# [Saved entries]
◇ ◇ ◇

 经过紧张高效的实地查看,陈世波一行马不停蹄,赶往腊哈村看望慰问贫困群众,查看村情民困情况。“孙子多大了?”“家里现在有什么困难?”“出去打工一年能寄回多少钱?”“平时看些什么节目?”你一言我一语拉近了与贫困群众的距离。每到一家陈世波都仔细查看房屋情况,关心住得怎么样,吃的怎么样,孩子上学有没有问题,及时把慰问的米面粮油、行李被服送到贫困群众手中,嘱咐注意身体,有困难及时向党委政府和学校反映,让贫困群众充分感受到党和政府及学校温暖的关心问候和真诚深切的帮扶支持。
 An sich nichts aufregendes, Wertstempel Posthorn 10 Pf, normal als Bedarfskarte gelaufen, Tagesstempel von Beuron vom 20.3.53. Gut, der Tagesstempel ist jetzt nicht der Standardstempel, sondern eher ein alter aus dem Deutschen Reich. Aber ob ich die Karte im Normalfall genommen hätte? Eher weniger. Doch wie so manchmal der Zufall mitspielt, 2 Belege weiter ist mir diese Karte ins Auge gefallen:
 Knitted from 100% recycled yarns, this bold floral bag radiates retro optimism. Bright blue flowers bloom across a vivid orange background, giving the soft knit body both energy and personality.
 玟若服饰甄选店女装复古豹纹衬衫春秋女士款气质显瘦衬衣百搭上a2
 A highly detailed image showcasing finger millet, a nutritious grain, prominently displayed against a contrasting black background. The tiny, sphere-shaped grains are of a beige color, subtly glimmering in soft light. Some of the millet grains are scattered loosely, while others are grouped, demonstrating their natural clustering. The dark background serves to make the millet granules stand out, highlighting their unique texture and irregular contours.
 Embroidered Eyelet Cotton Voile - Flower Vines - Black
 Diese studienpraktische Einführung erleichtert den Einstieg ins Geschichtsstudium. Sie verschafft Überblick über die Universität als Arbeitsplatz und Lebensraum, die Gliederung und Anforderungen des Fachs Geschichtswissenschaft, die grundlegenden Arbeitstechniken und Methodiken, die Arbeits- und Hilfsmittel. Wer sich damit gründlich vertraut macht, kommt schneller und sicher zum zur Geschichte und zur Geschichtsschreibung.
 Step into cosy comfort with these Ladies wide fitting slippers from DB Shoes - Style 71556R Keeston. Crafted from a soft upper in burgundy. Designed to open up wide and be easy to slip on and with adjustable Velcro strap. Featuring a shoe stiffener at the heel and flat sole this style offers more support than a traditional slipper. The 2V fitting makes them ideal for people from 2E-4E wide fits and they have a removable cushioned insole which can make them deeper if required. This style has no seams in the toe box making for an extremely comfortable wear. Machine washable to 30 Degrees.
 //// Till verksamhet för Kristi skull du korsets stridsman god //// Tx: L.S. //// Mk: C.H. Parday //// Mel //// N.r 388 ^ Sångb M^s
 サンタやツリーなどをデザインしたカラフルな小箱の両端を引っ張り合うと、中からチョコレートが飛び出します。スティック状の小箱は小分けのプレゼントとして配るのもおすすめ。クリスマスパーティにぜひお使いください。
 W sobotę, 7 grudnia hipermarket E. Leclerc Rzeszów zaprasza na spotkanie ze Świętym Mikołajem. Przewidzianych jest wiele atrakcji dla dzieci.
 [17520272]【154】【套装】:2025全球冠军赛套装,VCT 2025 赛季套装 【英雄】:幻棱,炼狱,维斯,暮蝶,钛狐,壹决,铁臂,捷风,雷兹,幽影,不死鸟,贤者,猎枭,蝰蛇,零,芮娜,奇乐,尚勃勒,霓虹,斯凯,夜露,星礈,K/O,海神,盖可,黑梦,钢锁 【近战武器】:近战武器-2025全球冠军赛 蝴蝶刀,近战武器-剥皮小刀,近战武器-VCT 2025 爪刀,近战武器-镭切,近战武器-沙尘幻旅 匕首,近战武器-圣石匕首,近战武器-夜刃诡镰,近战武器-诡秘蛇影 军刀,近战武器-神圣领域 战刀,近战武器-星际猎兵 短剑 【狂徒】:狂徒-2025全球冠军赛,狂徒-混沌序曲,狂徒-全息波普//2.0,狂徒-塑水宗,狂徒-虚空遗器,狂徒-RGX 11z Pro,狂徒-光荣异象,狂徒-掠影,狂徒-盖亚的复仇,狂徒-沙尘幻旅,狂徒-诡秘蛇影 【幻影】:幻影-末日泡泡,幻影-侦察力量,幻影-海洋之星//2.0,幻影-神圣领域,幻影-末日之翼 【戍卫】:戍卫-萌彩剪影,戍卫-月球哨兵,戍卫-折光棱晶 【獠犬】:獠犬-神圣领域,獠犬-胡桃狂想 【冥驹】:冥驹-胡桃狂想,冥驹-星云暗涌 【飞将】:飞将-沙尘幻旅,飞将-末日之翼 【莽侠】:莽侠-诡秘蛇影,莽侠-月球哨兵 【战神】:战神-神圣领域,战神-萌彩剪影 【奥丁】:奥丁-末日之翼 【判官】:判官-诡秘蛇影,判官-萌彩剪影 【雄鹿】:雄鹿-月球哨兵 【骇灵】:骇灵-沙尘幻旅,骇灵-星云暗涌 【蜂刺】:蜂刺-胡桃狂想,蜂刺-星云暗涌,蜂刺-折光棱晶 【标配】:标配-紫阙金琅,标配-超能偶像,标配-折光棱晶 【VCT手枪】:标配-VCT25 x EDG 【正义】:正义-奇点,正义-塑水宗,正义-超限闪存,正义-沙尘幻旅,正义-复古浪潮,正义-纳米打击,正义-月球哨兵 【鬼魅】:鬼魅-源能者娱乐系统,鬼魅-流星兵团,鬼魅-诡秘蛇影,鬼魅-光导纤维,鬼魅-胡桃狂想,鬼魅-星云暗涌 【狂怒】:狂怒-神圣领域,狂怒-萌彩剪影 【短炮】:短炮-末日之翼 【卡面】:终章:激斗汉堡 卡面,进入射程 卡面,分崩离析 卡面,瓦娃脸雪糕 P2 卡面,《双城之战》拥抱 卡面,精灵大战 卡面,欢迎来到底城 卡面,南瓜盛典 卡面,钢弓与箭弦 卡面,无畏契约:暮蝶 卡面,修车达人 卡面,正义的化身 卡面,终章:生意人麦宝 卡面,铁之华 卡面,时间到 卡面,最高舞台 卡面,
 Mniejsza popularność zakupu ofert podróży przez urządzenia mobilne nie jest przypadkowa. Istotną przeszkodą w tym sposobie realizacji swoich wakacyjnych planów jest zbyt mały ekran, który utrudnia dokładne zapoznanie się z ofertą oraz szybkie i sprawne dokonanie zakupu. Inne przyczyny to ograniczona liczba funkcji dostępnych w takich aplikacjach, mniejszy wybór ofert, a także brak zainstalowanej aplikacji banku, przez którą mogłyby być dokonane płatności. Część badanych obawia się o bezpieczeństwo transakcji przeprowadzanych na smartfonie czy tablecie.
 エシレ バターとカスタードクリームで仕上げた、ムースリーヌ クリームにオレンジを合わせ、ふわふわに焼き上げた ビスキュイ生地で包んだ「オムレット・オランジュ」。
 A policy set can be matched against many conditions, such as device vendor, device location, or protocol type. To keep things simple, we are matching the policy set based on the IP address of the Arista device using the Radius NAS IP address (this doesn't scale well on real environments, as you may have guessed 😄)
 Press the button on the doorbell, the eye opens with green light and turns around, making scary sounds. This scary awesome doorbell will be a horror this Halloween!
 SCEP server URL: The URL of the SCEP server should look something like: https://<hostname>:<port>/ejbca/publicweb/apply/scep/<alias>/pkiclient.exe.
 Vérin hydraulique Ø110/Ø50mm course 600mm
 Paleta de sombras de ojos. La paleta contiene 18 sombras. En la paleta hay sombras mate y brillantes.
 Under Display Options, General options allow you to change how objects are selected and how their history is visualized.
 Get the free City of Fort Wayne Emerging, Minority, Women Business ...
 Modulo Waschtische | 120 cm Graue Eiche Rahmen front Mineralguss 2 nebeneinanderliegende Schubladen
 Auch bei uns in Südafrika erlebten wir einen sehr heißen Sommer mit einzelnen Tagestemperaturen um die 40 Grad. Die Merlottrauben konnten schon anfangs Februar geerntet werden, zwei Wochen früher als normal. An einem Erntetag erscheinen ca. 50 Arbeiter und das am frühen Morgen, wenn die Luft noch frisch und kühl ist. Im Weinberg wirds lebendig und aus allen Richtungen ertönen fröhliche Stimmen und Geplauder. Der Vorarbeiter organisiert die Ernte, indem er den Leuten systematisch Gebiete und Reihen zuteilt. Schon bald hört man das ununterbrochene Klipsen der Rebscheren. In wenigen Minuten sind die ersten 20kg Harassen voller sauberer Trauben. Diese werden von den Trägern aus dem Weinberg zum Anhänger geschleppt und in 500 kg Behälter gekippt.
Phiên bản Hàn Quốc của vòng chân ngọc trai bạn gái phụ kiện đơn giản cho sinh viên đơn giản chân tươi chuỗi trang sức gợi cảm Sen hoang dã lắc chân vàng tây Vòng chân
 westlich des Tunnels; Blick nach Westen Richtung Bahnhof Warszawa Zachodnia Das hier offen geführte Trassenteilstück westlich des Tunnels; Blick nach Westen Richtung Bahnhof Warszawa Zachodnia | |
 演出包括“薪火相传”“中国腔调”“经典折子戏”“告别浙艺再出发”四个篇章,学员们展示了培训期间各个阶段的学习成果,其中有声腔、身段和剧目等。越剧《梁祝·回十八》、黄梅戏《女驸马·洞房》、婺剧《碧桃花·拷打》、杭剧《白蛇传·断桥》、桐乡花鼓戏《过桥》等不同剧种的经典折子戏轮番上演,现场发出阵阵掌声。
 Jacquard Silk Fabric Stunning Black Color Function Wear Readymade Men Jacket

◇ ◇ ◇

# [ACTIVITY]
After locating the line with "Modulo Waschtische |" above, return that line and every later line through the one with "Auch bei uns", word for word and with nothing else.

# [WRITTEN REPLY]
 Modulo Waschtische | 120 cm Graue Eiche Rahmen front Mineralguss 2 nebeneinanderliegende Schubladen
 Auch bei uns in Südafrika erlebten wir einen sehr heißen Sommer mit einzelnen Tagestemperaturen um die 40 Grad. Die Merlottrauben konnten schon anfangs Februar geerntet werden, zwei Wochen früher als normal. An einem Erntetag erscheinen ca. 50 Arbeiter und das am frühen Morgen, wenn die Luft noch frisch und kühl ist. Im Weinberg wirds lebendig und aus allen Richtungen ertönen fröhliche Stimmen und Geplauder. Der Vorarbeiter organisiert die Ernte, indem er den Leuten systematisch Gebiete und Reihen zuteilt. Schon bald hört man das ununterbrochene Klipsen der Rebscheren. In wenigen Minuten sind die ersten 20kg Harassen voller sauberer Trauben. Diese werden von den Trägern aus dem Weinberg zum Anhänger geschleppt und in 500 kg Behälter gekippt.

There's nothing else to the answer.